§ **Material supplied**
------------
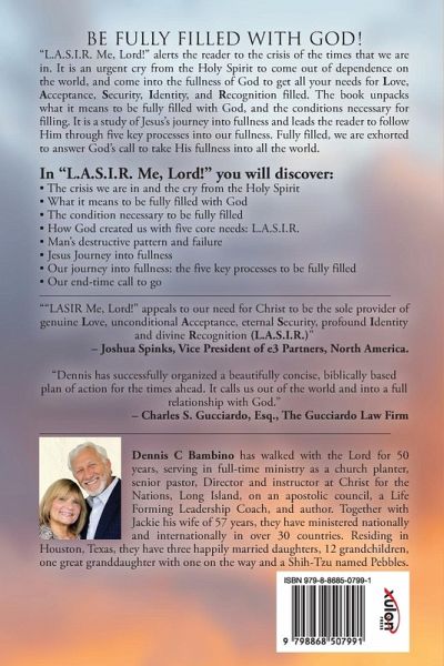 Be Fully Filled with God! "L.A.S.I.R. Me, Lord!" alerts the reader to the crisis of the times that we are in. It is an urgent cry from the Holy Spirit to come out of dependence on the world, and come into the fullness of God to get all your needs filled. The book unpacks what it means to be fully full of God, and the conditions necessary for filling. It is a study of Jesus's journey into fullness and leads the reader to follow Him through five key processes into our fullness. Fully filled, we are exhorted to answer God's call to take His fullness into all the world. In "L.A.S.I.R. Me, Lord!" you will discover: - The crisis we are in and the cry from the Holy Spirit - What it means to be fully filled with God - The condition necessary to be fully filled - How God created us with five core needs: L.A.S.I.R. - Man's destructive pattern and failure - Jesus Journey into fullness - Our journey into fullness: the five key processes to be fully filled - Our end-time call to go _________________________________________________________ ""LASIR Me, Lord!" appeals to our need for Christ to be the sole provider of genuine Love, unconditional Acceptance, eternal Security, profound Identity and divine Recognition (L.A.S.I.R.)" - Joshua Spinks, Vice President of e3 Partners, North America. "Dennis has successfully organized a beautifully concise, biblically based plan of action for the times ahead. It calls us out of the world and into a full relationship with God." - Charles S. Gucciardo, Esq., The Gucciardo Law Firm Dennis C Bambino has walked with the Lord for 50 years, serving in full-time ministry as a church planter, senior pastor, Director and instructor at Christ for the Nations, Long Island, on an apostolic council, a Life Forming Leadership Coach, and author. Together with Jackie his wife of 57 years, they have ministered nationally and internationally in over 30 countries. Residing in Houston, Texas, they have three happily married daughters, 12 grandchildren, one great granddaughter with one on the way and a Shih-Tzu named Pebbles.
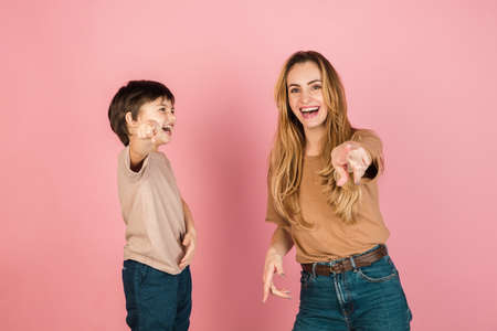 Young woman and little boy, mother and son isolated over pink background.
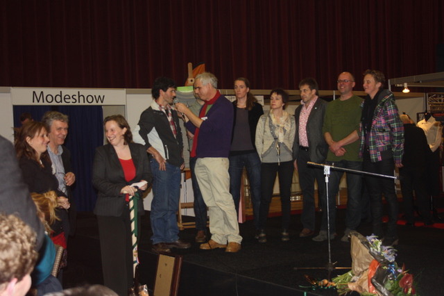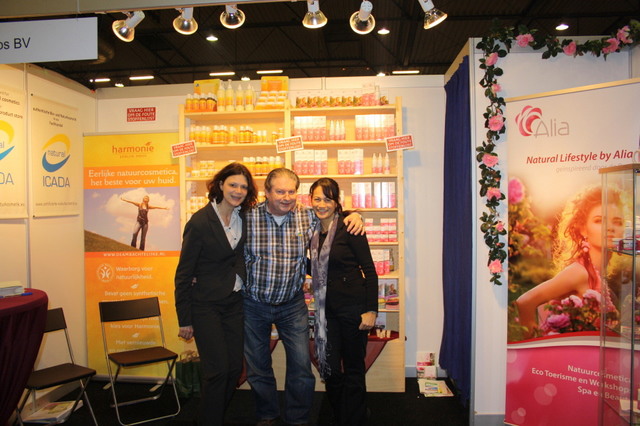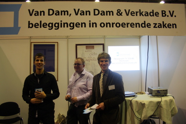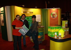 Bastian Bais en Jeroen Knuft willen ook nog even poseren met hun stand. In het midden Marieke Eskes.
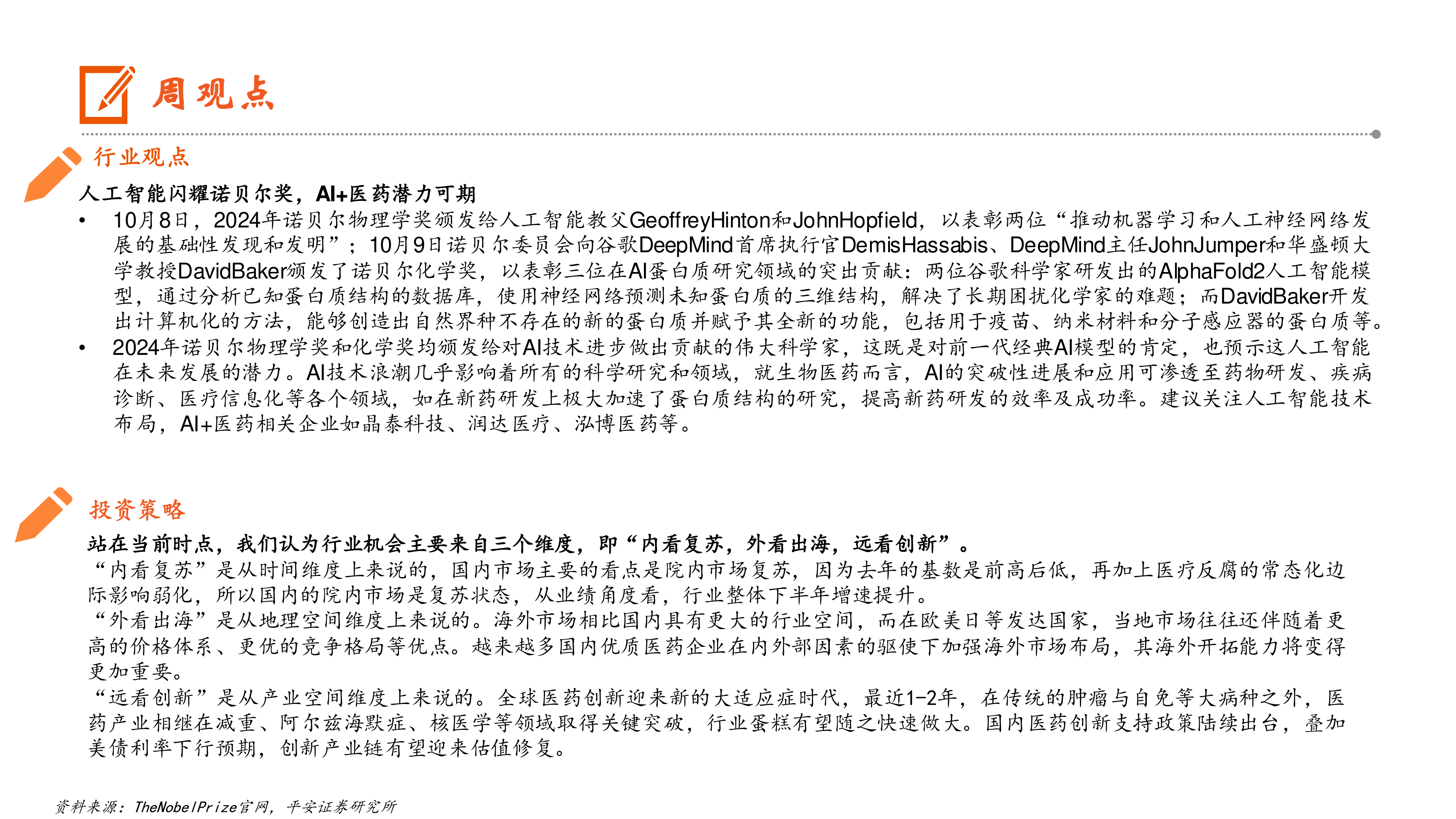本报告首先指出人工智能在生物医药领域的巨大潜力。2024年诺贝尔物理学奖和化学奖均颁发给对AI技术进步做出贡献的科学家,表彰其在机器学习、人工神经网络发展以及AI蛋白质研究(如AlphaFold2模型)和新型蛋白质设计方面的突破。这预示着AI技术将深刻影响药物研发、疾病诊断和医疗信息化等领域,显著提升新药研发效率和成功率。报告建议关注人工智能技术布局及AI+医药相关企业,如晶泰科技、润达医疗、泓博医药。
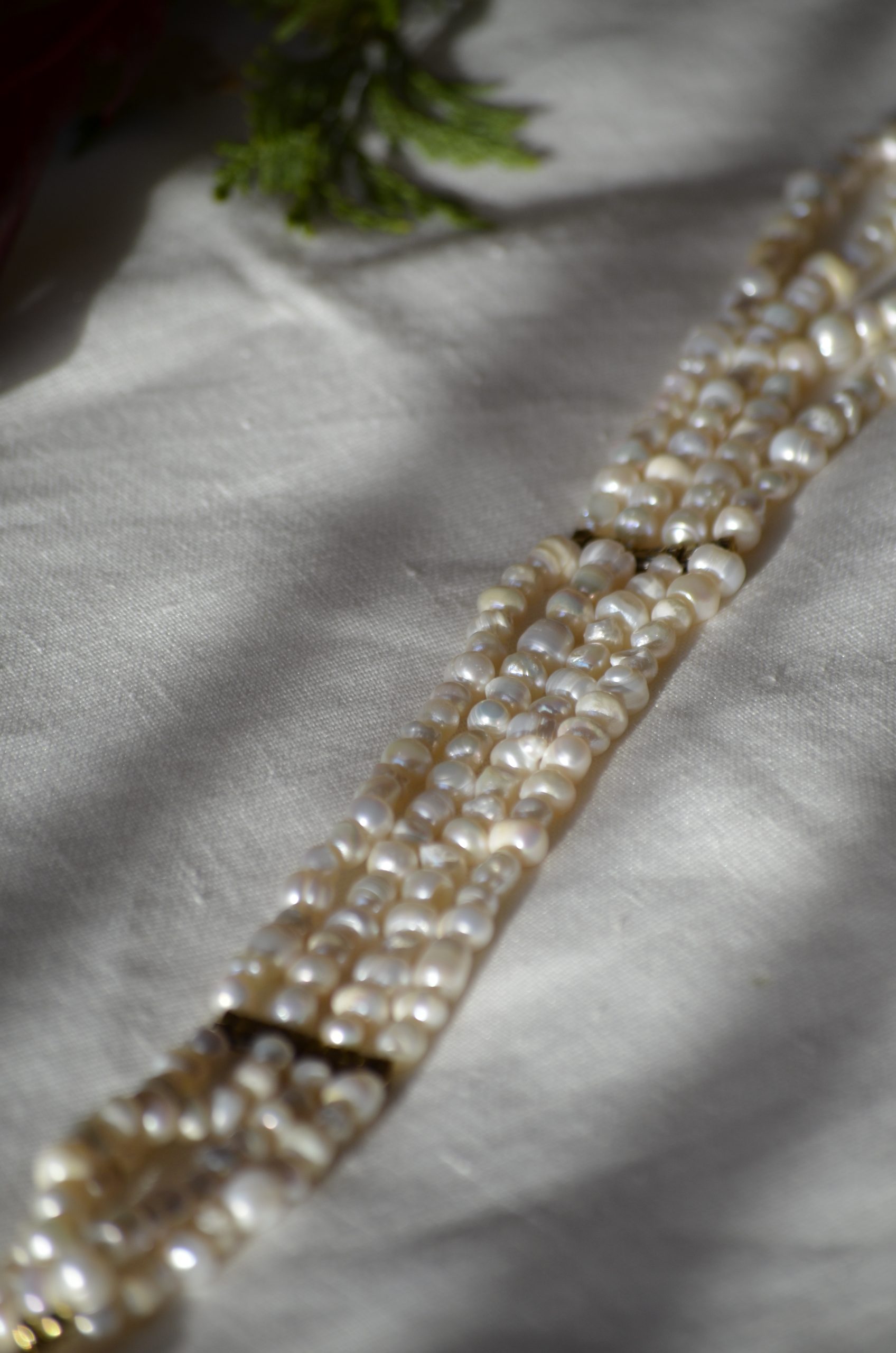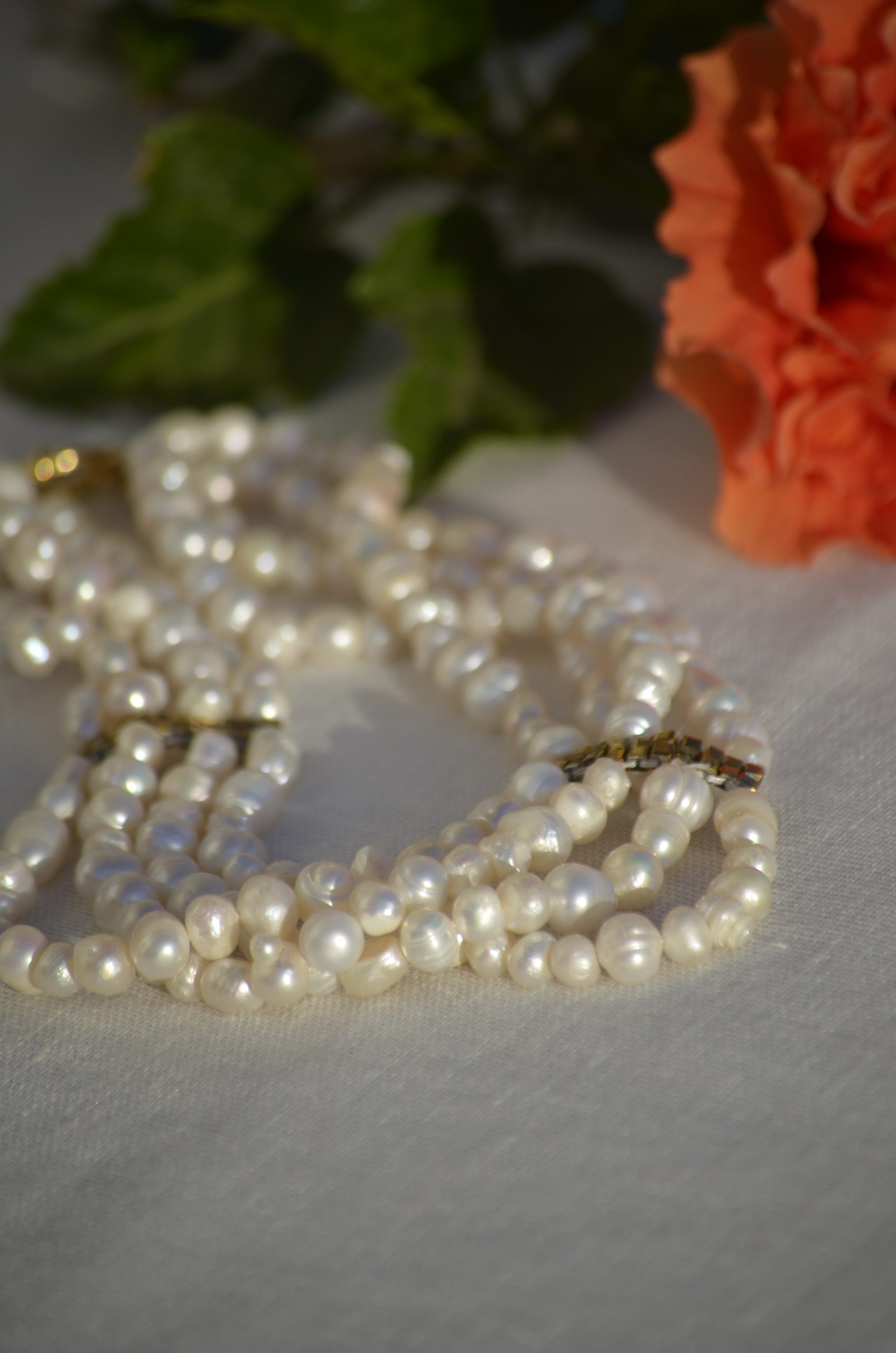 Choker con perlas irregulares de agua dulce. Cadena y piezas doradas de plata de ley bañada en oro de 18K y acero inoxidable.
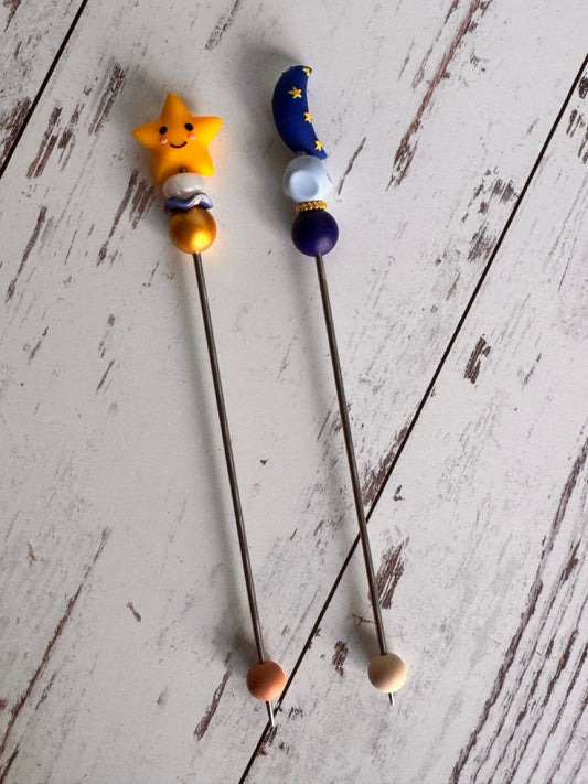 Pair of Star and Moon Celestial Night Sky Amigurumi Sewing Sticks
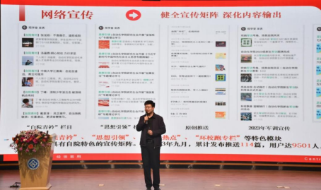 团委书记刘乐老师代表团委各部门作总体述职报告。报告围绕“进前而勿顾后”的主题,从思想引领、实践与竞赛、志愿服务、双创实践与网络宣传五个方面,整体梳理了团委各部门过去半年来的各项工作成果。他强调,在未来,团委各部门将继续以思想引领为核心,以更加饱满的热情和更高的标准,为实现更加辉煌的成绩而奋斗!
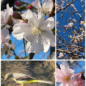 川散歩🚶♀️ 公園の十月桜🌸 ハクセキレイかとカメラを覗いたら黄色い❣️ キセキレイと初めて会えました💛
------------
§ **Exercise aim**
Where an entry includes a picture, drop it, and print the rest of the material word for word.

§ **Answer to this problem**
 Be Fully Filled with God! "L.A.S.I.R. Me, Lord!" alerts the reader to the crisis of the times that we are in. It is an urgent cry from the Holy Spirit to come out of dependence on the world, and come into the fullness of God to get all your needs filled. The book unpacks what it means to be fully full of God, and the conditions necessary for filling. It is a study of Jesus's journey into fullness and leads the reader to follow Him through five key processes into our fullness. Fully filled, we are exhorted to answer God's call to take His fullness into all the world. In "L.A.S.I.R. Me, Lord!" you will discover: - The crisis we are in and the cry from the Holy Spirit - What it means to be fully filled with God - The condition necessary to be fully filled - How God created us with five core needs: L.A.S.I.R. - Man's destructive pattern and failure - Jesus Journey into fullness - Our journey into fullness: the five key processes to be fully filled - Our end-time call to go _________________________________________________________ ""LASIR Me, Lord!" appeals to our need for Christ to be the sole provider of genuine Love, unconditional Acceptance, eternal Security, profound Identity and divine Recognition (L.A.S.I.R.)" - Joshua Spinks, Vice President of e3 Partners, North America. "Dennis has successfully organized a beautifully concise, biblically based plan of action for the times ahead. It calls us out of the world and into a full relationship with God." - Charles S. Gucciardo, Esq., The Gucciardo Law Firm Dennis C Bambino has walked with the Lord for 50 years, serving in full-time ministry as a church planter, senior pastor, Director and instructor at Christ for the Nations, Long Island, on an apostolic council, a Life Forming Leadership Coach, and author. Together with Jackie his wife of 57 years, they have ministered nationally and internationally in over 30 countries. Residing in Houston, Texas, they have three happily married daughters, 12 grandchildren, one great granddaughter with one on the way and a Shih-Tzu named Pebbles.
 Young woman and little boy, mother and son isolated over pink background.
 Bastian Bais en Jeroen Knuft willen ook nog even poseren met hun stand. In het midden Marieke Eskes.
本报告首先指出人工智能在生物医药领域的巨大潜力。2024年诺贝尔物理学奖和化学奖均颁发给对AI技术进步做出贡献的科学家,表彰其在机器学习、人工神经网络发展以及AI蛋白质研究(如AlphaFold2模型)和新型蛋白质设计方面的突破。这预示着AI技术将深刻影响药物研发、疾病诊断和医疗信息化等领域,显著提升新药研发效率和成功率。报告建议关注人工智能技术布局及AI+医药相关企业,如晶泰科技、润达医疗、泓博医药。
 Choker con perlas irregulares de agua dulce. Cadena y piezas doradas de plata de ley bañada en oro de 18K y acero inoxidable.
 Pair of Star and Moon Celestial Night Sky Amigurumi Sewing Sticks
 团委书记刘乐老师代表团委各部门作总体述职报告。报告围绕“进前而勿顾后”的主题,从思想引领、实践与竞赛、志愿服务、双创实践与网络宣传五个方面,整体梳理了团委各部门过去半年来的各项工作成果。他强调,在未来,团委各部门将继续以思想引领为核心,以更加饱满的热情和更高的标准,为实现更加辉煌的成绩而奋斗!
 川散歩🚶♀️ 公園の十月桜🌸 ハクセキレイかとカメラを覗いたら黄色い❣️ キセキレイと初めて会えました💛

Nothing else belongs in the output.